What the task requires → Make an exact copy of the whole listing, but leave its pictures out.

Stored data →
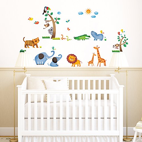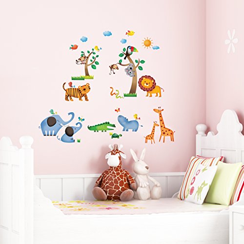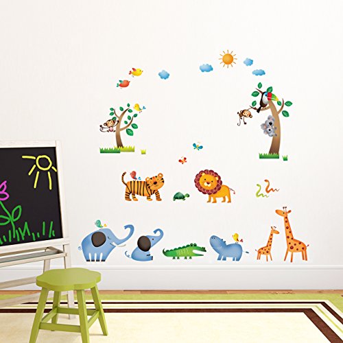 Decowall DW-1206 Wild Jungle Animals Kids Wall Decals Wall Stickers Peel and Stick Removable Wall Stickers for Kids Nursery Bedroom Living Room
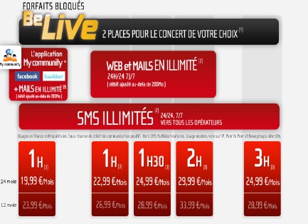 Concernant les forfaits bloqués, NRJMobile propose 2 nouveaux forfaits bloqués BeLive avec sms illimités et 2 places de concert offertes. Avec les forfaits 1h, 1h30 et 2h bloqués, vous profitez en plus des sms, de l'accès à Internet et Mails limité à 200Mo par mois.
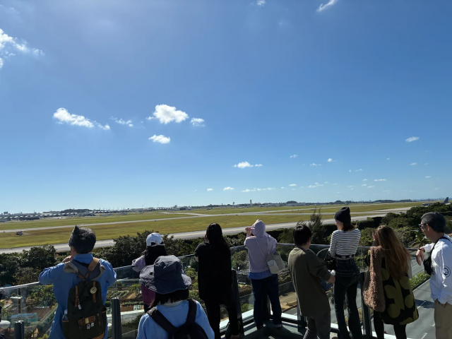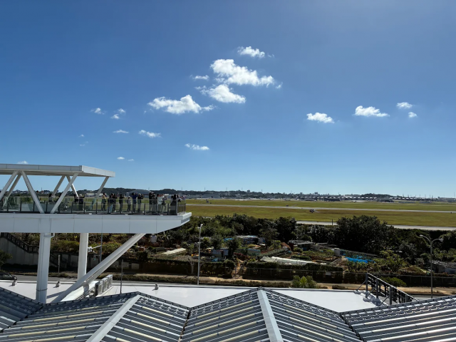 米軍嘉手納飛行場が一望できる展望フロア、基地の様子や戦闘機は見学出来る。また休憩室、トイレ、公衆電話、情報提供装置が設置されてる。24時間レストランや嘉手納町の特産品展示販売場もある。

Answer box →
 Decowall DW-1206 Wild Jungle Animals Kids Wall Decals Wall Stickers Peel and Stick Removable Wall Stickers for Kids Nursery Bedroom Living Room
 Concernant les forfaits bloqués, NRJMobile propose 2 nouveaux forfaits bloqués BeLive avec sms illimités et 2 places de concert offertes. Avec les forfaits 1h, 1h30 et 2h bloqués, vous profitez en plus des sms, de l'accès à Internet et Mails limité à 200Mo par mois.
 米軍嘉手納飛行場が一望できる展望フロア、基地の様子や戦闘機は見学出来る。また休憩室、トイレ、公衆電話、情報提供装置が設置されてる。24時間レストランや嘉手納町の特産品展示販売場もある。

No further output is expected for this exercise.